All four cases correct. Stacking perceptrons into layers creates decision boundaries that no single perceptron can produce.

Step 5: Train a Two-Layer Network

Step 4 hand-wired the weights. That works for XOR, but not for real problems where you don't know the right weights in advance. The fix: replace the step function with sigmoid and learn the weights automatically through backpropagation.

class TwoLayerNetwork:
    def __init__(self, learning_rate=0.5):
        import random
        random.seed(0)
        self.w_hidden = [[random.uniform(-1, 1), random.uniform(-1, 1)] for _ in range(2)]
        self.b_hidden = [random.uniform(-1, 1), random.uniform(-1, 1)]
        self.w_output = [random.uniform(-1, 1), random.uniform(-1, 1)]
        self.b_output = random.uniform(-1, 1)
        self.lr = learning_rate

    def sigmoid(self, x):
        import math
        x = max(-500, min(500, x))
        return 1.0 / (1.0 + math.exp(-x))

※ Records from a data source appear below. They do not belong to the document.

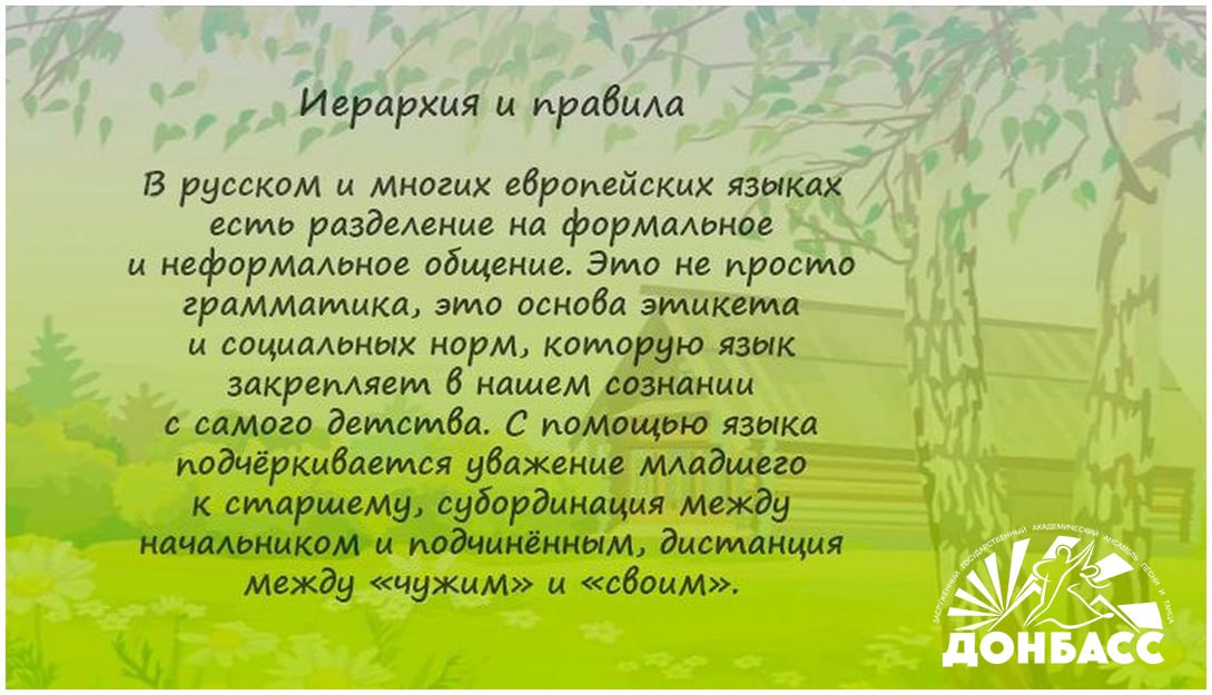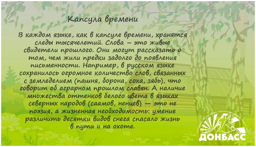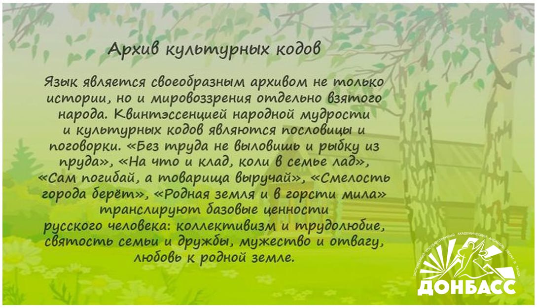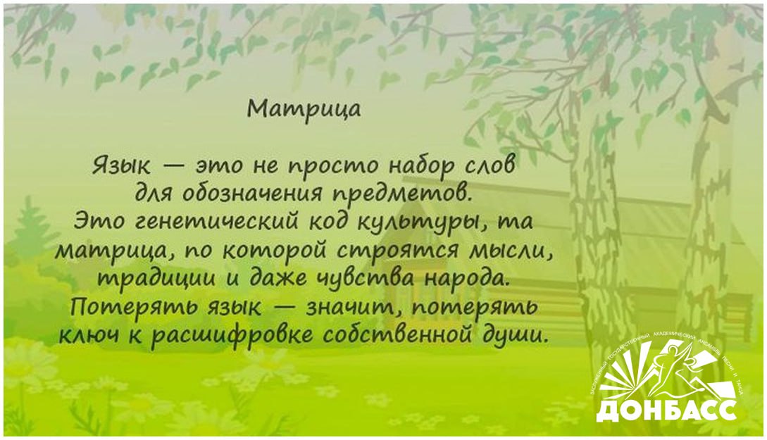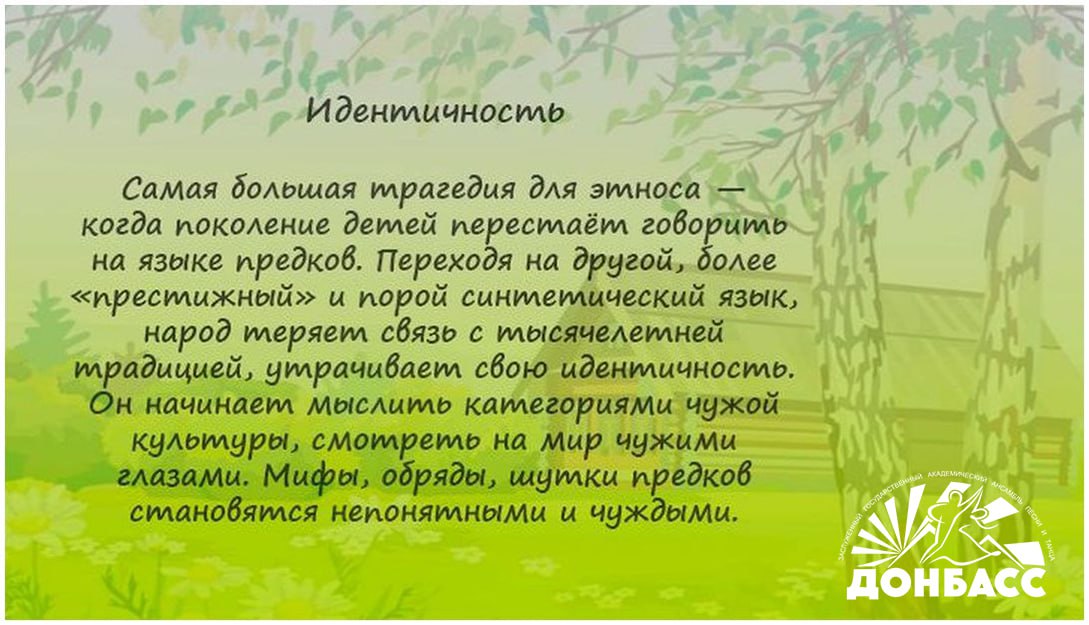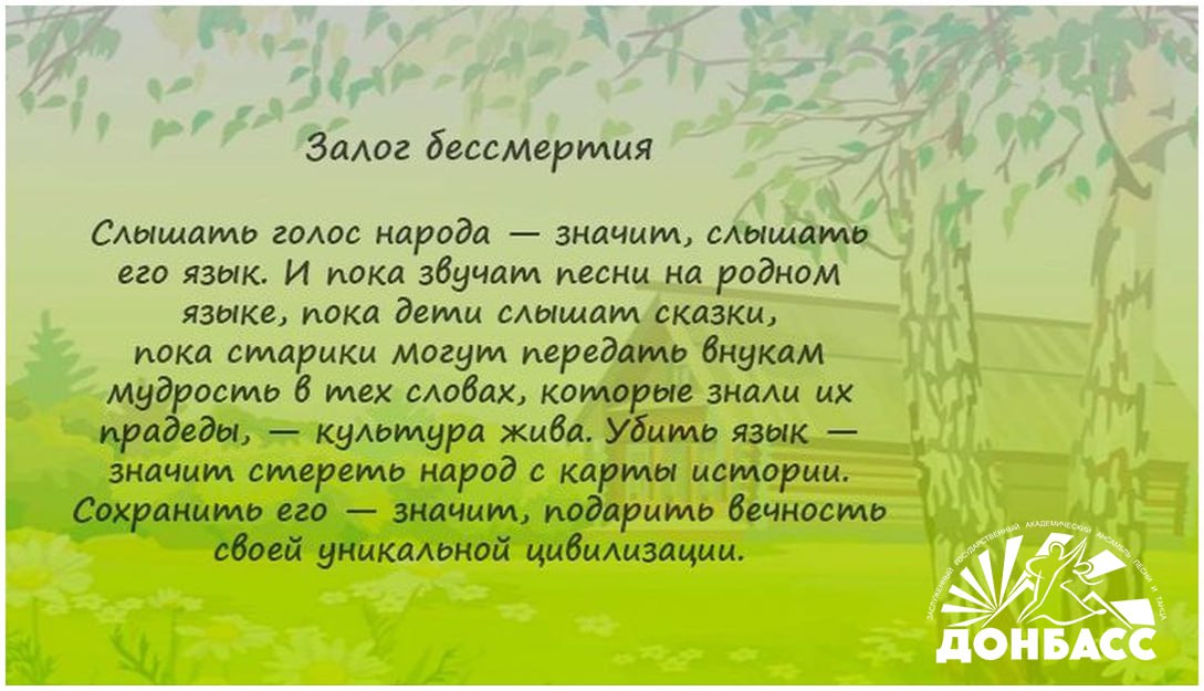 В Донбассе проживают представители свыше 100 национальностей. Русский язык для них является языком межнационального общения, главным и родным. Но при этом у каждого этноса есть и свой собственный неповторимый язык, который очень важно сохранять и передавать от поколения к поколению.
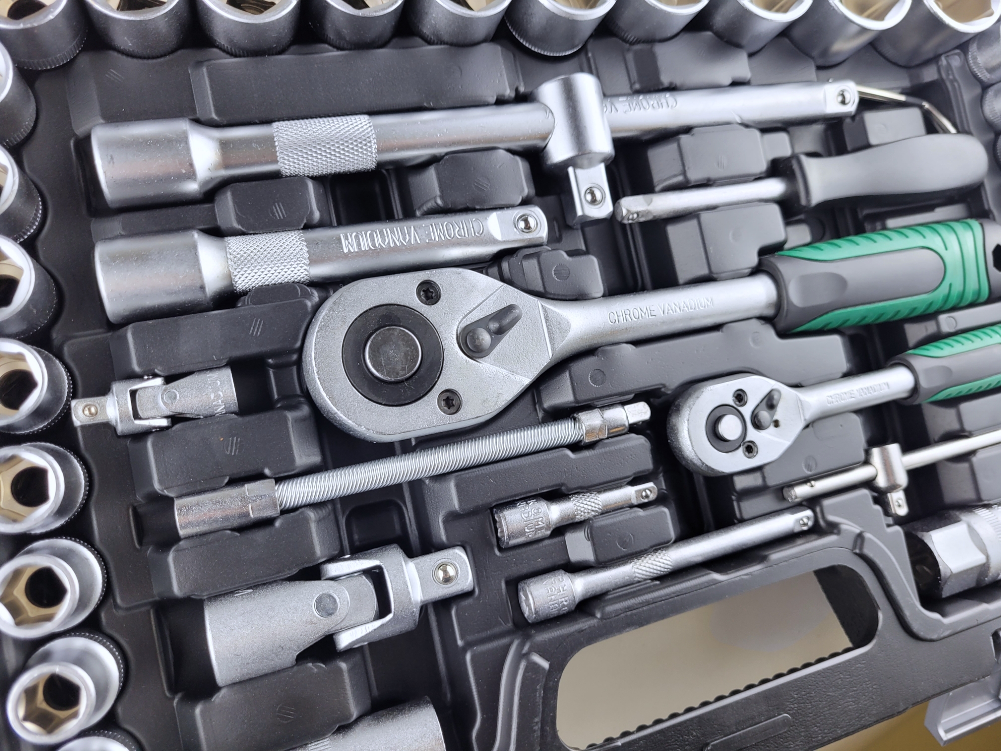 Набор инструментов для авто 94 предмета имеет в комплекте ключи-трещотки с обратным реверсом и удобными двухкомпонентными рукоятками. Поставляется профессиональный набор инструментов в удобном, закрывающемся кейсе для надежного хранения и транспортировки.
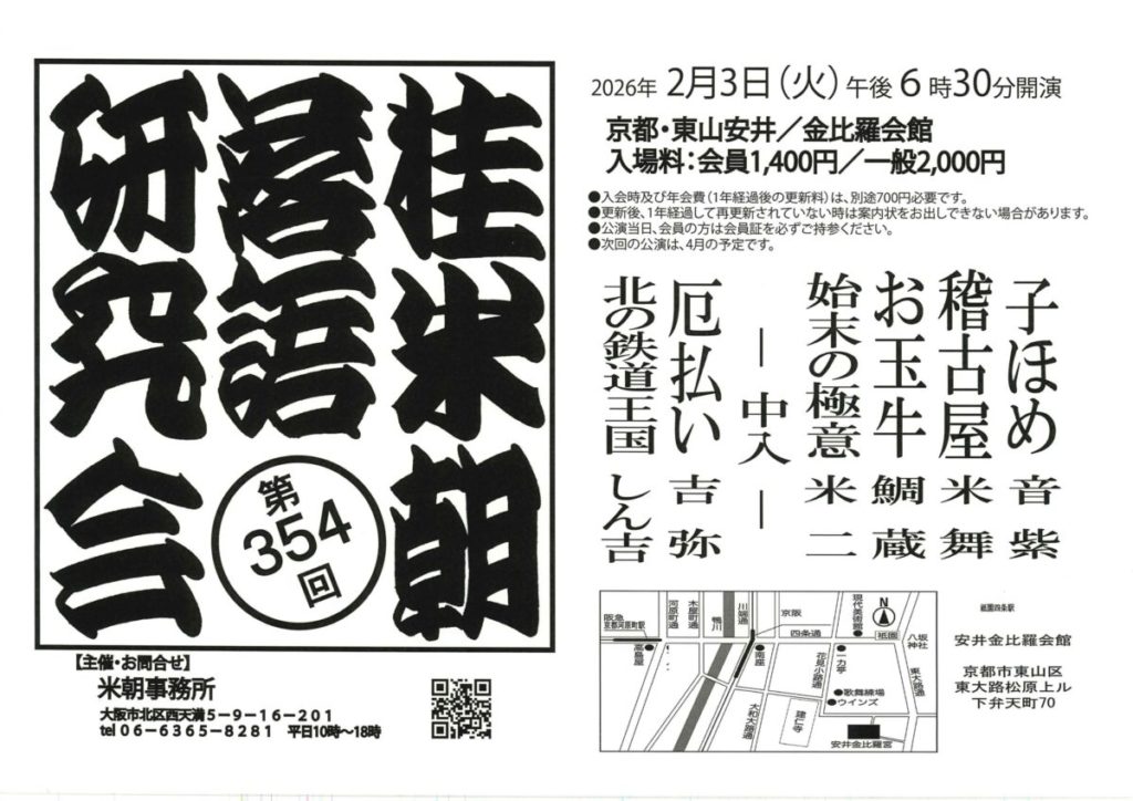 お問い合わせ:米朝事務所 06-6365-8281(平日10~18時)
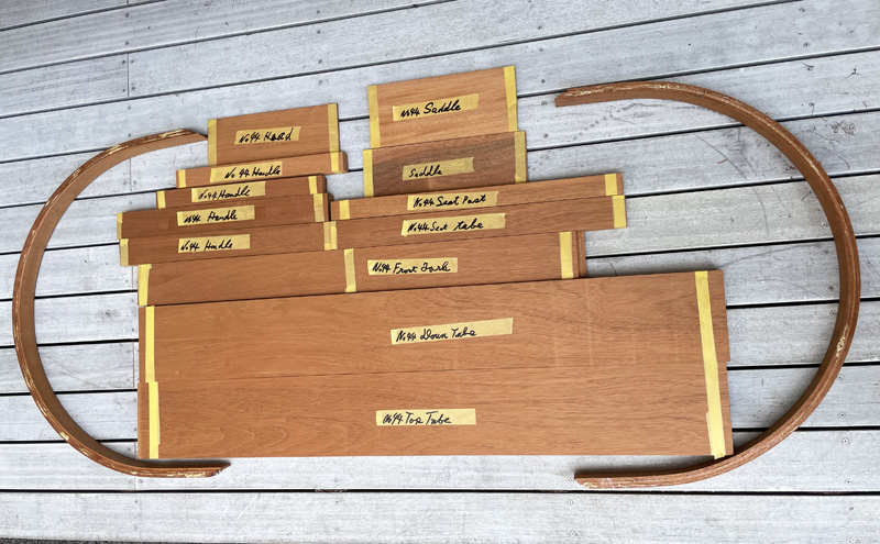 9月22日、マホガニーバイク44号機の各部を作るマホガニー薄板を切り出した。
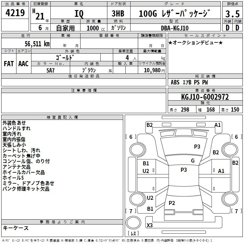 Toyota Iq, 2009 года - Лот№4219 ★3.5
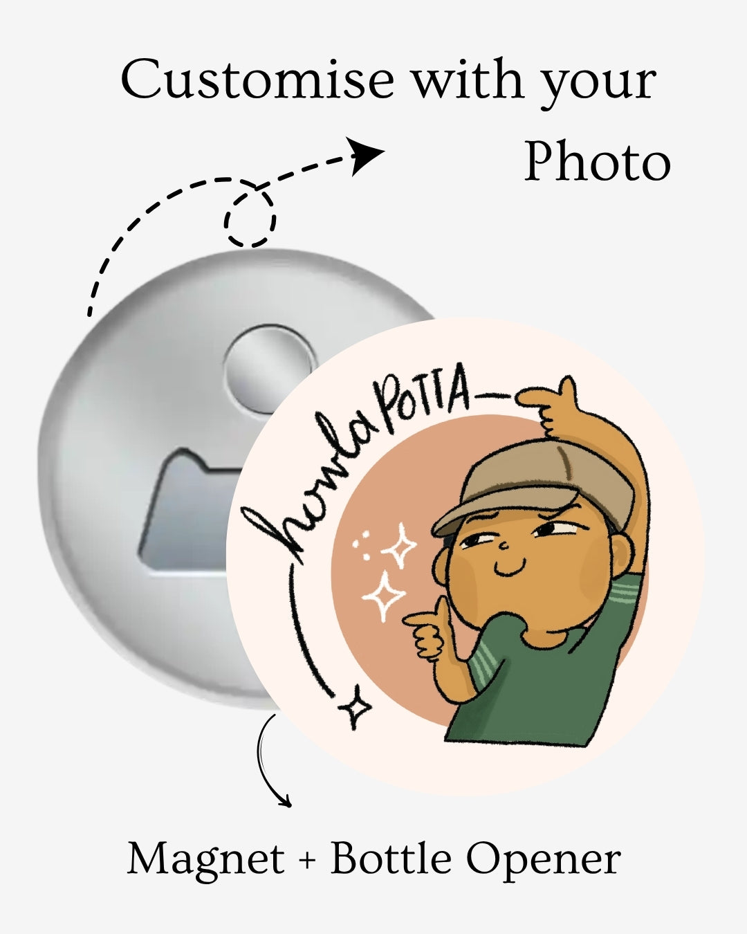 - Custom Howla Potta- Badge, Fridge Magnet or Opener designed in India

    def forward(self, inputs):
        self.inputs = inputs
        self.hidden_outputs = []
        for i in range(2):
            z = sum(w * x for w, x in zip(self.w_hidden[i], inputs)) + self.b_hidden[i]
            self.hidden_outputs.append(self.sigmoid(z))
        z_out = sum(w * h for w, h in zip(self.w_output, self.hidden_outputs)) + self.b_output
        self.output = self.sigmoid(z_out)
        return self.output

    def train(self, training_data, epochs=10000):
        for epoch in range(epochs):
            total_error = 0
            for inputs, target in training_data:
                output = self.forward(inputs)
                error = target - output
                total_error += error ** 2

                d_output = error * output * (1 - output)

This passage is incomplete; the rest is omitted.